Scramble for backyard chooks follows egg panic buying
Poultry suppliers have seen demand for backyard chickens go through the roof of the henhouse following a perceived shortage of eggs in supermarkets.
They now have orders exceeding their ability to supply birds on the point-of-lay while a shortage of live chickens in NSW is being augmented by deliveries from Queensland.
Chicken shoppers Matt and Naomi Whiteley with their daughter Shiloh at New Leaf Nursery in Ingleside in northern Sydney which sells backyard chickens.Credit:James Brickwood
The peak body for the egg industry in Australia, however, assured shoppers that there was no reason for panic buying with availability expected to be steady throughout autumn and winter.
Daniel Yakich, owner with his wife, Simone, of the New Leaf Nursery at Ingleside near Mona Vale, said they had more than 300 callers wanting to order chickens over three days.
"I had to employ someone just to answer the phone and explain that we had run out of birds," he said. "Our pens can only hold 50 birds and they were sold instantly."
Laymour Poultry Farm near Windsor has been in the business since 1958 and normally sells 400 birds over a month. The last delivery went in two weeks. They said an extra delivery of 250 birds sold in just over a day.

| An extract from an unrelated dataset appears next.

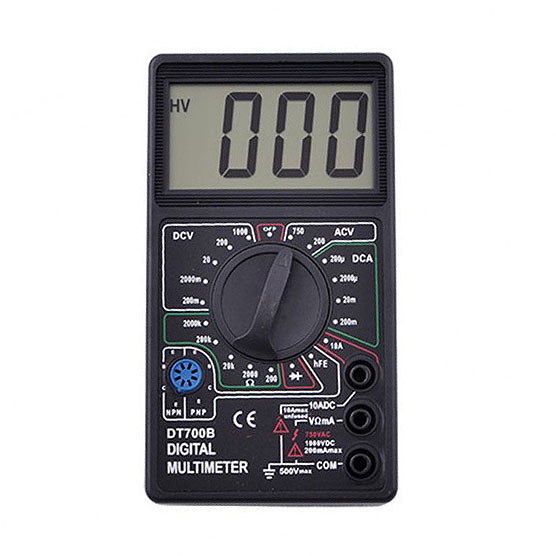 Мультиметр DT700B – компактний, зносостійкий, кишеньковий, використовується для контролю постійної і змінної напруги, постійного струму, опору, перевірки діодів і транзисторів.

"When our April delivery of 400 birds comes in on April 8 we will work our way through a list of 1032 orders. We have kept our prices at about $24 a bird because we want the repeat orders when this is all over," owner Craig Hogarth said.
"Some are replacing birds they have lost to foxes or bushfires but a lot of the orders are from new customers, people are trying to be more sustainable in the way they live."
At Evans Chickens in Maraylya, north-west Sydney, their website "egg-cited by all things poultry" says they have been overwhelmed with calls and texts. A delivery of Hyline brown layers at $30 each is expected in the middle of April.
The perfect breakfast, no need for panic buying.
Owners Rodney and Joanne Evans said they had been swamped by 100 calls a day. "There are two types of buyers, those who just want eggs and those who want something to do with the kids," Mr Evans said.
"We are trying to avoid the 'Christmas puppy' type buyers by vetting them – asking if they have a pen or if they have owned chickens before."
At pet products supplier Omlet.com Johannes Paul said they had seen seen a 67 per cent increase in demand for their Eglu chicken coops over the last two weeks.
"Keeping pet chickens is a great way to ensure a consistent supply of eggs for your family and for kids to learn about where their food comes from," he said.
Rowan McMonnies, Australian Eggs’ managing director, however, said recent egg shortages in stores were demand driven and there has been no reduction in supply.
"As things continue to calm down, consumers can expect the availability of eggs to be steady across autumn and winter," he said.
"There are seven million commercial laying hens in NSW and every one of them is still laying an egg a day."